# Good news! Black hole won't destroy Earth



## Johnny Thunder

*Good news! Black hole won't destroy Earth *
Fears raised collider would create black holes that could swallow planet
By Charles Q. Choi
LiveScience

Updated: 1:42 p.m. ET Sept 20, 2006
Scientists could generate a black hole as often as every second when the world's most powerful particle accelerator comes online in 2007.

This potential "black hole factory" has raised fears that a stray black hole could devour our planet whole. The Lifeboat Foundation, a nonprofit organization devoted to safeguarding humanity from what it considers threats to our existence, has stated that artificial black holes could "threaten all life on Earth" and so it proposes to set up "self-sustaining colonies elsewhere."

But the chance of planetary annihilation by this means "is totally miniscule," experimental physicist Greg Landsberg at Brown University in Providence, R.I., told LiveScience.

The accelerator, known as the Large Hadron Collider, is under construction in an underground circular tunnel nearly 17 miles long at the world's largest physics laboratory, CERN, near Geneva.

At its maximum, each particle beam the collider fires will pack as much energy as a 400-ton train traveling at 120 mph. By smashing particles together and investigating the debris, scientists hope to help solve mysteries such as the origin of mass and why there is more matter than antimatter in the universe.
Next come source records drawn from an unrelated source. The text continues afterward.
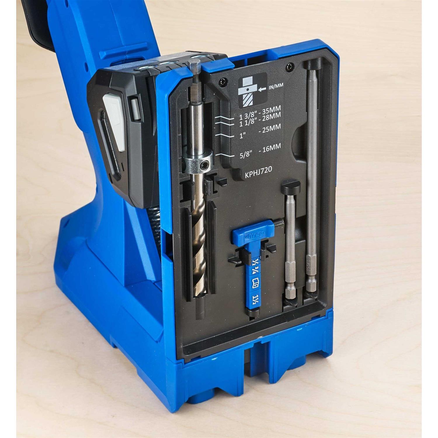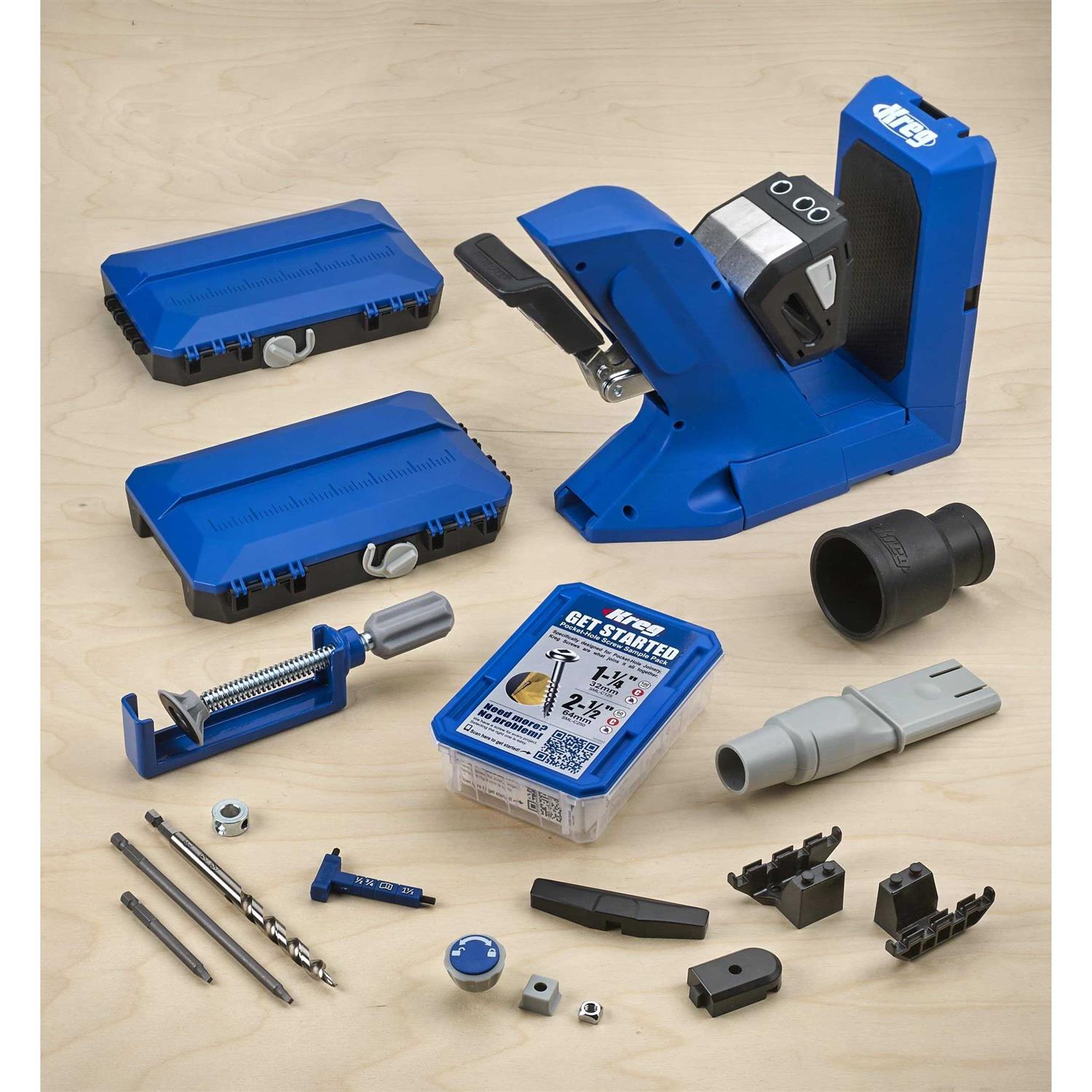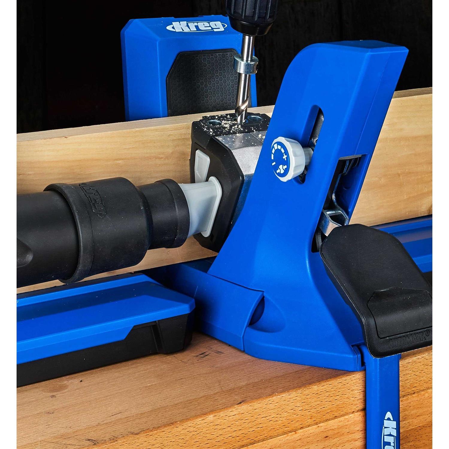 Kreg Pocket-Hole Jig 720 PRO Blue – KPHJ720PRO Build pocket-hole projects faster than ever! Multi-featured jig for creating pocket-hole joints in materials from ½” to 1-½” thick Dual-action clamping with Automaxx automatically clamps and adjusts to the proper material thickness Kreg Docking Station material support wings add more storage and enhanced support for large pieces Pocket-Hole Jig Clamp secures jig to worksurface Dust collection to keep workspace clean GripMaxx anti-slip holds material in place for worry-free clamping and to prevent shift while drilling Build pocket-hole projects faster than ever! The Pocket-Hole Jig 720PRO is the most advanced jig yet from Kreg with that features make project building incredibly efficient. One-motion clamping with Automaxx clamps your material in place, and it automatically adjusts to the exact thickness of your material. GripMaxx anti-slip holds the project piece securely so you never have to worry about shifting while you drill pocket holes. Included with the 720PRO are the Kreg Docking Station material support wings with a repeatable stop, as well as a Pocket-Hole Jig Clamp. Use the Pocket-Hole Jig Clamp to secure the jig to your workstation, while material support wings add support when drilling into large pieces. Best of all, the wings fold up and stow away easily when you’re done. These premium additions transform your jig into the ultimate pocket-hole workstation when you need more storage, more material support, and more stability. With the Pocket-Hole Jig 720PRO, you get the Kreg Docking Station material support wings with a repeatable stop, a Pocket-Hole Jig Clamp, 160 Kreg pocket-hole screws, and a free project plan so you can start building right away.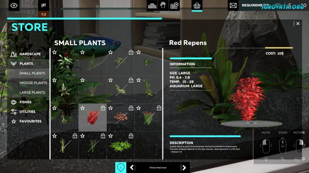- Огромное количество контента для творчества - разнообразные виды рыб, оборудование для обслуживания аквариумов, украшения и аксессуары.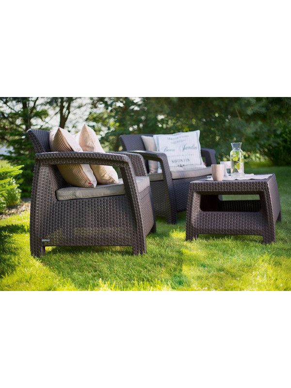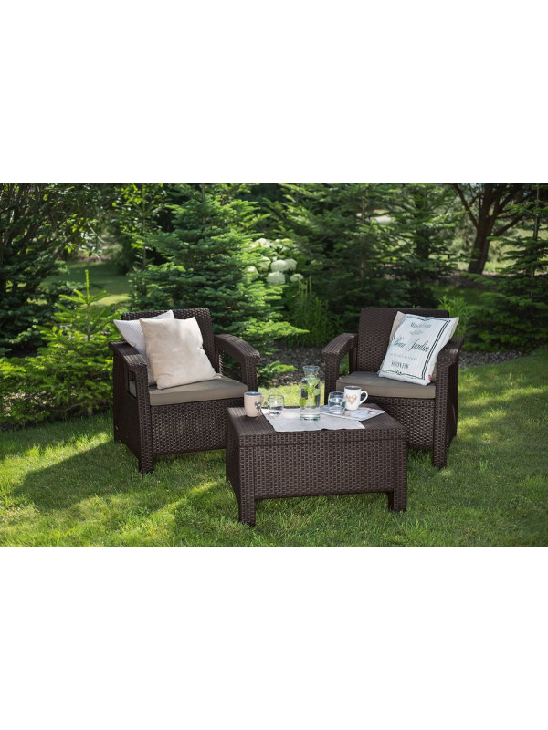 Súprava Corfu WEEKEND je menším moderným posedením do záhrady, interiéru alebo na terasu. Súprava je vyrobená z lisovaného plastu v imitácii plochého ratanu. Set je doplnený o podušky, ktoré zaistia ešte väčšie pohodlie. Jedná sa o veľmi obľúbenú súpravu. Skladá sa z dvoch kresielok a stolíka. Jednoduchá montáž aj údržba. Podušky sú súčasťou súpravy. Výrobca: Allibert.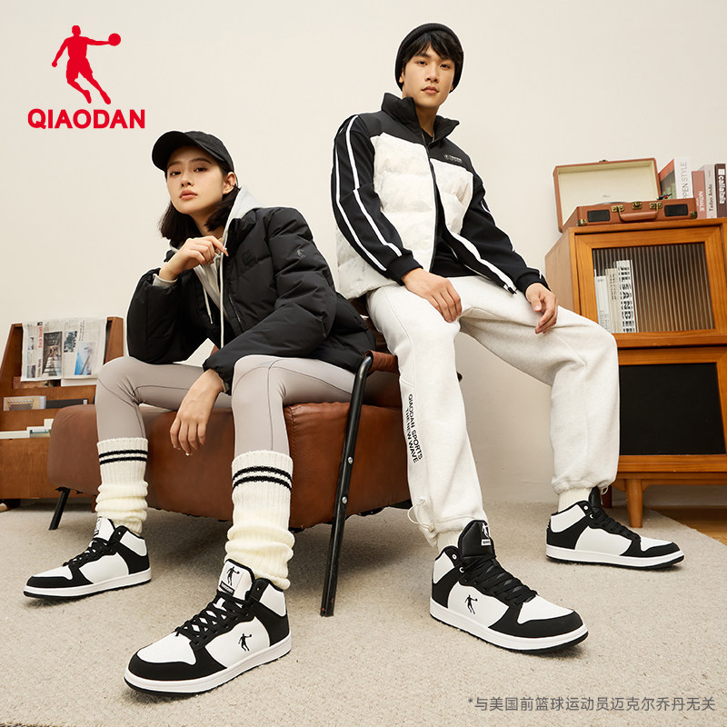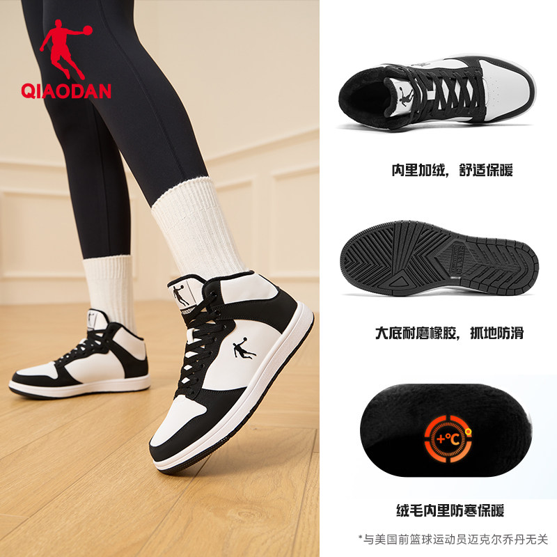 乔丹高帮加绒棉鞋平底鞋黑白女板鞋新款冬季女款休闲保暖运动防滑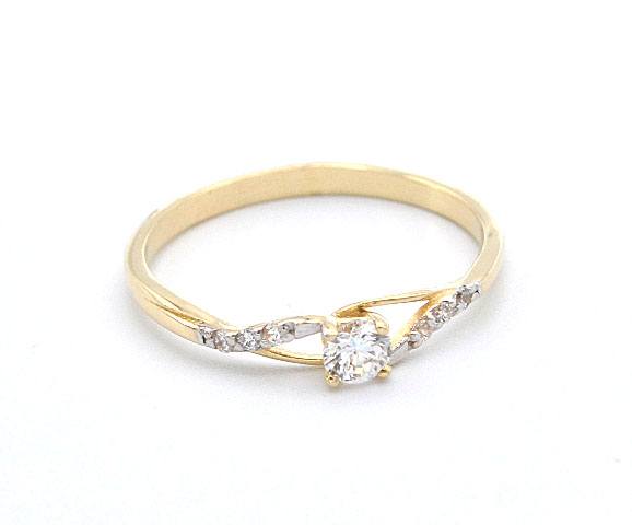 Dámský zlatý prsten se zirkony ze žlutého zlata vhodný jako zásnubní prsten.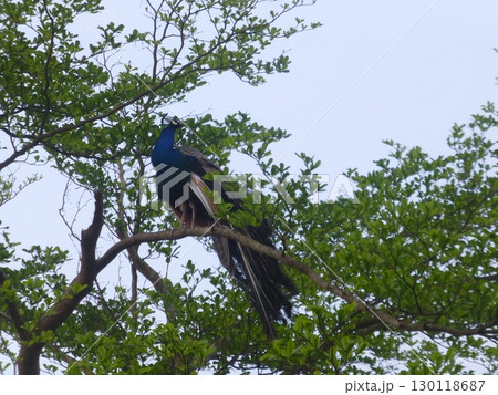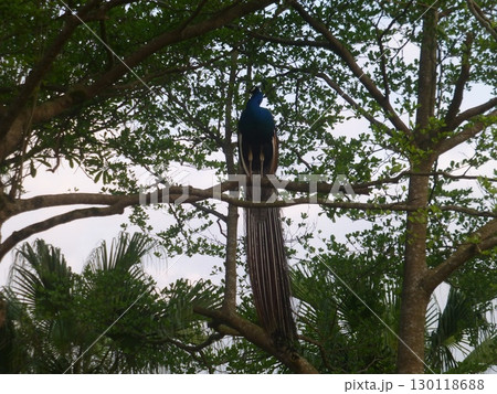 台灣花蓮-04.10.2025:樹上的公共印度孔雀,位於壽豐鎮理想的陸運飯店
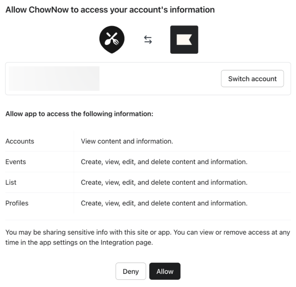 - Controlla le autorizzazioni in ChowNow e clicca su Autorizza. Verrai reindirizzato a Klaviyo e dovresti vedere un messaggio di successo.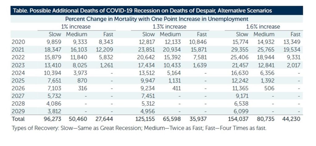 Assuming a 1% increase in mortality with a one point increase in unemployment and a fast economic recovery, some 27,000 Americans would die a death of despair.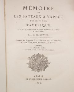 Marestier. Mémoire sur les bateaux à vapeur des États-Unis d’Amérique. Paris, Imprimerie royale, 1824. In-4, demi-basane violette, dos lisse orné, pièce de titre rouge. Ex-libris Montaignac. Dos passé, pièce de titre frottée.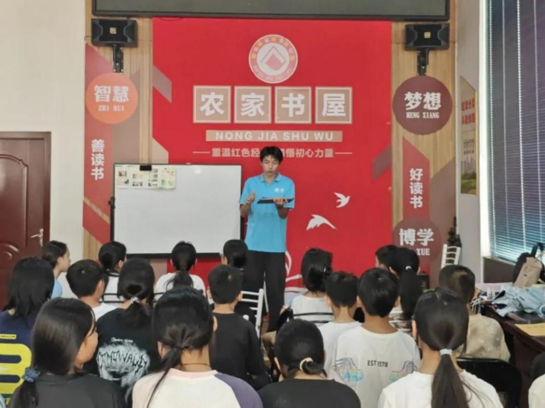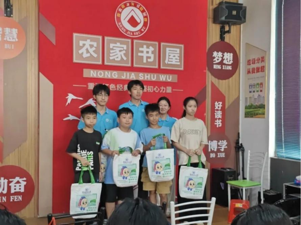 第四站,团队联动广西大学青年志愿者协会,赴来宾象州百丈乡,以“乡村环保科普”为核心开展活动。在百丈乡农家书屋,队员们打造了一场“微塑料科普小课堂”:先用卡通图片讲解“什么是微塑料”“微塑料如何进入我们的生活”,再结合日常场景分享“减少微塑料污染的小技巧”(如少用一次性塑料制品等);随后开展知识竞答,让小朋友在互动中巩固知识。这场科普活动不仅让孩子们掌握了环保常识,更在他们心中播下生态保护的种子,也为乡村科普提供了“趣味化、生活化”的可借鉴模式。

If theories about the universe containing extra dimensions other than those of space and time are correct, the accelerator might also generate black holes, Landsberg and his colleague Savas Dimopoulos at Stanford University in California calculated in 2001. Physicists Steve Giddings at the University of California, Santa Barbara and Scott Thomas at Stanford University in California reached similar conclusions.

Black holes possess gravitational fields so strong that nothing can escape them, not even light. They normally form when the remains of a dead star collapse under their own gravity, squeezing their mass together. Although black holes can't be seen, astronomers infer their existence by the gravitational effects they have on gas and stars around them.

Making black holes
A number of models of the universe suggest extra dimensions of reality exist that are each folded up into sizes ranging from as tiny as a proton, or roughly a millionth of a billionth of a meter, to as big as a fraction of a millimeter. At distances comparable to the size of these extra dimensions, gravity becomes far stronger, these models suggest. If this is true, the collider will cram enough energy together to initiate gravitational collapses that produce black holes.

If any of the models are right, the accelerator should create a black hole anywhere from every second to every day, each roughly possessing 5,000 times the mass of a proton and each a thousandth of a proton in size or smaller, Landsberg said.

Still, any fears that such black holes will consume the Earth are groundless, Landsberg said.

For one thing, theoretical physicist Stephen Hawking calculated all black holes should emit radiation, and that tiny black holes should lose more mass than they absorb, evaporating within a billionth of a trillionth of a trillionth of a second, "before they could gobble up any significant amount of matter," Landsberg said.

Not destroyed yet
CERN spokesman and former research physicist James Gillies also pointed out that Earth is bathed with cosmic rays powerful enough to create black holes all the time, and the planet hasn't been destroyed yet.

"Still, let's assume that even if Hawking is a genius, he's wrong, and that such black holes are more stable," Landsberg said. Nearly all of the black holes will be traveling fast enough from the accelerator to escape Earth's gravity. "Even if you produced 10 million black holes a year, only 10 would basically get trapped, orbiting around its center," Landsberg said.

However, such trapped black holes are so tiny, they could pass through a block of iron the distance from the Earth to the Moon and not hit anything. They would each take about 100 hours to gobble up one proton.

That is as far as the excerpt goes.